WORK INSTRUCTIONS: Write out all the records exactly, and keep any images out.

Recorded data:

Segment Open

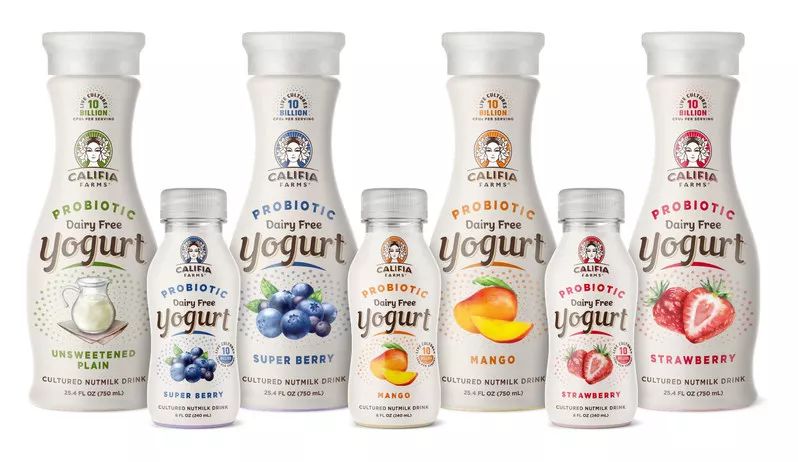 Califia Farms于近期正式推出新系列的无乳制品益生菌酸奶饮料,拥有四种口味,包括草莓、巴西莓、芒果和无添加糖原味,并分为8盎司单份装和25.4盎司多份装(原味只有25.4盎司装),两种规格零售价分别为2.69美元和5.49美元。以扁桃仁和椰奶作为基质进行“批量发酵”,每一种口味都是非转基因、无乳制品、无谷蛋白以及素食的。因此根据公司的介绍,益生菌是“整体饮料的一部分,而不是在发酵结束后单纯为了强化而添加的”。
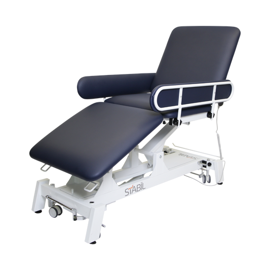 Stabil Klinical 2-Section Couch with Electric Backrest - White Frame and Navy Upholstery
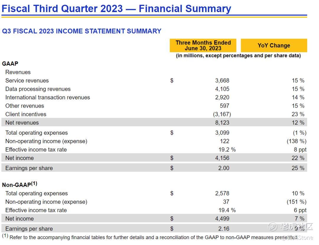 注:Visa公司在自然年为2023年第二季度公布的财报,在公司的财年中被标记为2023财年第三季度,以下可能会出现诸如第三财季等标记财报周期的字样,并非笔误。
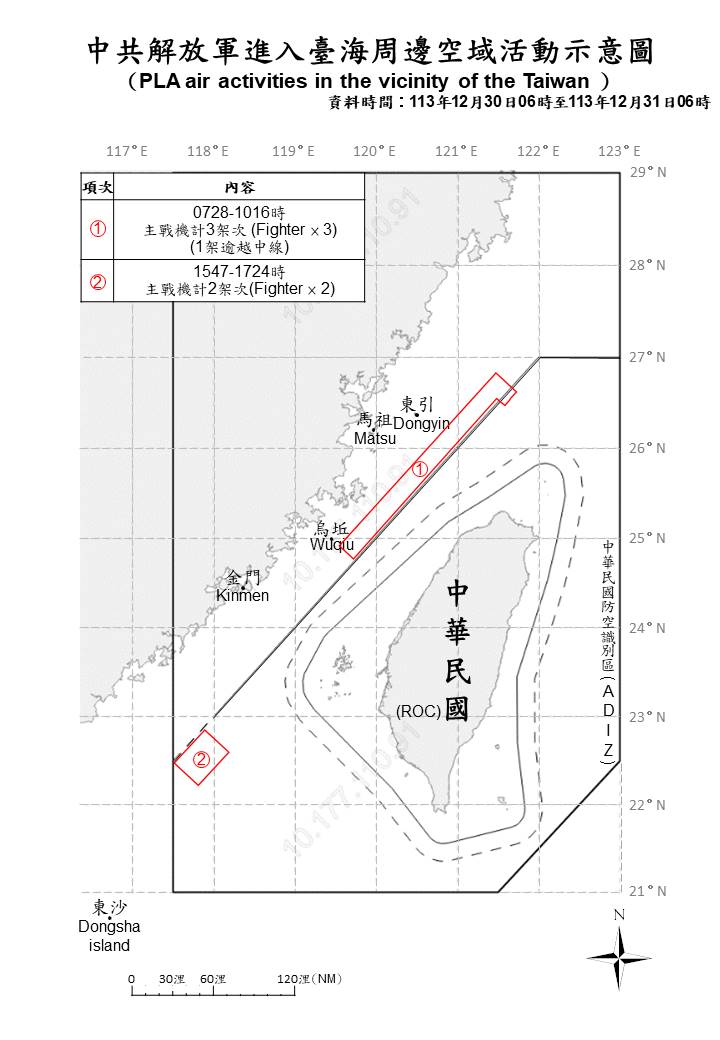 5 PLA aircraft and 6 PLAN vessels operating around Taiwan were detected up until 6 a.m. (UTC+8) today. 3 of the aircraft crossed the median line of the Taiwan Strait and entered Taiwan’s northern and southwestern ADIZ. ROC Armed Forces have monitored the situation and employed CAP aircraft, Navy vessels, and coastal missile systems in response to the detected activities.
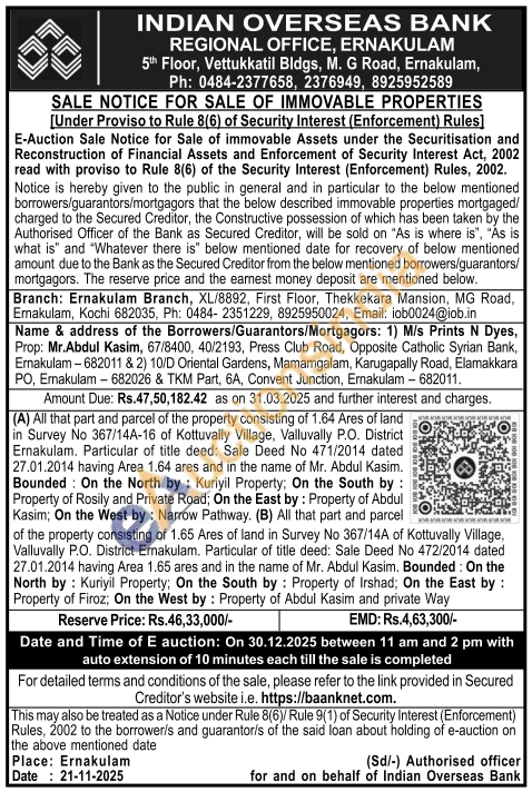 All that part and parcel of the property consisting of 1.64 Ares of land in Survey No 367/14A-16 of Kottuvally Village, Valluvally P.O. District Ernakulam. Particular of title deed: Sale Deed No 471/2014 dated 27.01.2014 having Area 1.64 ares and in the name of Mr. Abdul Kasim. Bounded: On the North by Kuriyil Property; On the South by: Property of Rosily and Private Road; On the East by: Property of Abdul Kasim; On the West by: Narrow Pathway. (B) All that part and parcel of the property consisting of 1.65 Ares of land in Survey No 367/14A of Kottuvally Village, Valluvally P.O. District Ernakulam. Particular of title deed: Sale Deed No 472/2014 dated 27.01.2014 having Area 1.65 ares and in the name of Mr. Abdul Kasim. Bounded: On the North by Kuriyil Property; On the South by Property of Irshad; On the East by: Property of Firoz; On the West by: Property of Abdul Kasim and private Way
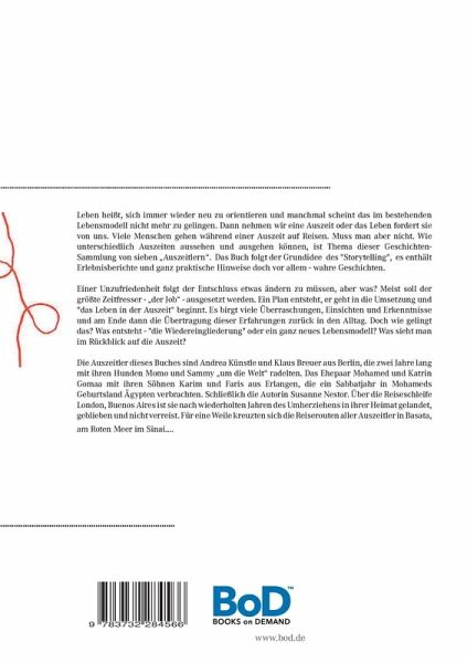 Leben heißt, sich immer wieder neu zu orientieren und manchmal scheint das im bestehenden Lebensmodell nicht mehr zu gelingen. Dann nehmen wir eine Auszeit oder das Leben fordert sie von uns. Viele Menschen gehen während einer Auszeit auf Reisen. Muss man aber nicht. Wie unterschiedlich Auszeiten aussehen und ausgehen können, ist Thema dieser Geschichten-Sammlung von sieben "Auszeitlern". Das Buch folgt der Grundidee des "Storytelling", es enthält Erlebnisberichte und ganz praktische Hinweise doch vor allem - wahre Geschichten. Einer Unzufriedenheit folgt der Entschluss etwas ändern zu müssen, aber was? Meist soll der größte Zeitfresser - "der Job" - ausgesetzt werden. Ein Plan entsteht, er geht in die Umsetzung und "das Leben in der Auszeit" beginnt. Es birgt viele Überraschungen, Einsichten und Erkenntnisse und am Ende dann die Übertragung dieser Erfahrungen zurück in den Alltag. Doch wie gelingt das? Was entsteht - "die Wiedereingliederung" oder ein ganz neues Lebensmodell? Was sieht man im Rückblick auf die Auszeit?Die Auszeitler dieses Buches sind Andrea Künstle und Klaus Breuer aus Berlin, die zwei Jahre lang mit ihren Hunden Momo und Sammy "um die Welt" radelten. Das Ehepaar Mohamed und Katrin Gomaa mit ihren Söhnen Karim und Faris aus Erlangen, die ein Sabbatjahr in Mohameds Geburtsland Ägypten verbrachten. Schließlich die Autorin Susanne Nestor. Über die Reiseschleife London, Buenos Aires ist sie nach wiederholten Jahren des Umherziehens in ihrer Heimat gelandet, geblieben und nicht verreist. Für eine kurze Weile kreuzten sich die Reiserouten aller Auszeitler in Basata, am Roten Meer im Sinai....
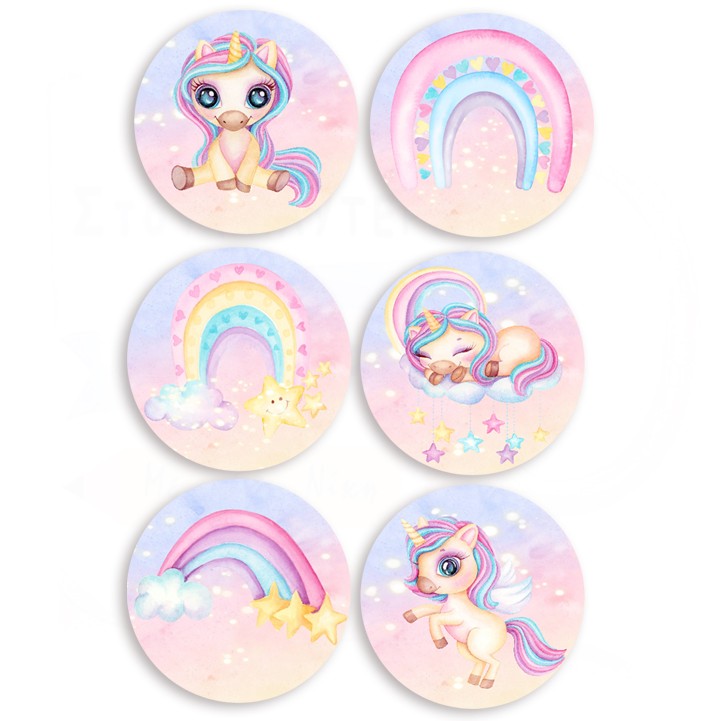 Κονκάρδες με θέμα το Ουράνιο Τόξο και το γλυκό Μονοκεράκι, ιδανικές για μπομπονιέρα, για δωράκι στους καλεσμένους ή για να διακοσμήσετε με αυτές τα αγαπημένα σας αντικείμενα!

Segment Closed

EXERCISE SOLUTION:
 Califia Farms于近期正式推出新系列的无乳制品益生菌酸奶饮料,拥有四种口味,包括草莓、巴西莓、芒果和无添加糖原味,并分为8盎司单份装和25.4盎司多份装(原味只有25.4盎司装),两种规格零售价分别为2.69美元和5.49美元。以扁桃仁和椰奶作为基质进行“批量发酵”,每一种口味都是非转基因、无乳制品、无谷蛋白以及素食的。因此根据公司的介绍,益生菌是“整体饮料的一部分,而不是在发酵结束后单纯为了强化而添加的”。
 Stabil Klinical 2-Section Couch with Electric Backrest - White Frame and Navy Upholstery
 注:Visa公司在自然年为2023年第二季度公布的财报,在公司的财年中被标记为2023财年第三季度,以下可能会出现诸如第三财季等标记财报周期的字样,并非笔误。
 5 PLA aircraft and 6 PLAN vessels operating around Taiwan were detected up until 6 a.m. (UTC+8) today. 3 of the aircraft crossed the median line of the Taiwan Strait and entered Taiwan’s northern and southwestern ADIZ. ROC Armed Forces have monitored the situation and employed CAP aircraft, Navy vessels, and coastal missile systems in response to the detected activities.
 All that part and parcel of the property consisting of 1.64 Ares of land in Survey No 367/14A-16 of Kottuvally Village, Valluvally P.O. District Ernakulam. Particular of title deed: Sale Deed No 471/2014 dated 27.01.2014 having Area 1.64 ares and in the name of Mr. Abdul Kasim. Bounded: On the North by Kuriyil Property; On the South by: Property of Rosily and Private Road; On the East by: Property of Abdul Kasim; On the West by: Narrow Pathway. (B) All that part and parcel of the property consisting of 1.65 Ares of land in Survey No 367/14A of Kottuvally Village, Valluvally P.O. District Ernakulam. Particular of title deed: Sale Deed No 472/2014 dated 27.01.2014 having Area 1.65 ares and in the name of Mr. Abdul Kasim. Bounded: On the North by Kuriyil Property; On the South by Property of Irshad; On the East by: Property of Firoz; On the West by: Property of Abdul Kasim and private Way
 Leben heißt, sich immer wieder neu zu orientieren und manchmal scheint das im bestehenden Lebensmodell nicht mehr zu gelingen. Dann nehmen wir eine Auszeit oder das Leben fordert sie von uns. Viele Menschen gehen während einer Auszeit auf Reisen. Muss man aber nicht. Wie unterschiedlich Auszeiten aussehen und ausgehen können, ist Thema dieser Geschichten-Sammlung von sieben "Auszeitlern". Das Buch folgt der Grundidee des "Storytelling", es enthält Erlebnisberichte und ganz praktische Hinweise doch vor allem - wahre Geschichten. Einer Unzufriedenheit folgt der Entschluss etwas ändern zu müssen, aber was? Meist soll der größte Zeitfresser - "der Job" - ausgesetzt werden. Ein Plan entsteht, er geht in die Umsetzung und "das Leben in der Auszeit" beginnt. Es birgt viele Überraschungen, Einsichten und Erkenntnisse und am Ende dann die Übertragung dieser Erfahrungen zurück in den Alltag. Doch wie gelingt das? Was entsteht - "die Wiedereingliederung" oder ein ganz neues Lebensmodell? Was sieht man im Rückblick auf die Auszeit?Die Auszeitler dieses Buches sind Andrea Künstle und Klaus Breuer aus Berlin, die zwei Jahre lang mit ihren Hunden Momo und Sammy "um die Welt" radelten. Das Ehepaar Mohamed und Katrin Gomaa mit ihren Söhnen Karim und Faris aus Erlangen, die ein Sabbatjahr in Mohameds Geburtsland Ägypten verbrachten. Schließlich die Autorin Susanne Nestor. Über die Reiseschleife London, Buenos Aires ist sie nach wiederholten Jahren des Umherziehens in ihrer Heimat gelandet, geblieben und nicht verreist. Für eine kurze Weile kreuzten sich die Reiserouten aller Auszeitler in Basata, am Roten Meer im Sinai....
 Κονκάρδες με θέμα το Ουράνιο Τόξο και το γλυκό Μονοκεράκι, ιδανικές για μπομπονιέρα, για δωράκι στους καλεσμένους ή για να διακοσμήσετε με αυτές τα αγαπημένα σας αντικείμενα!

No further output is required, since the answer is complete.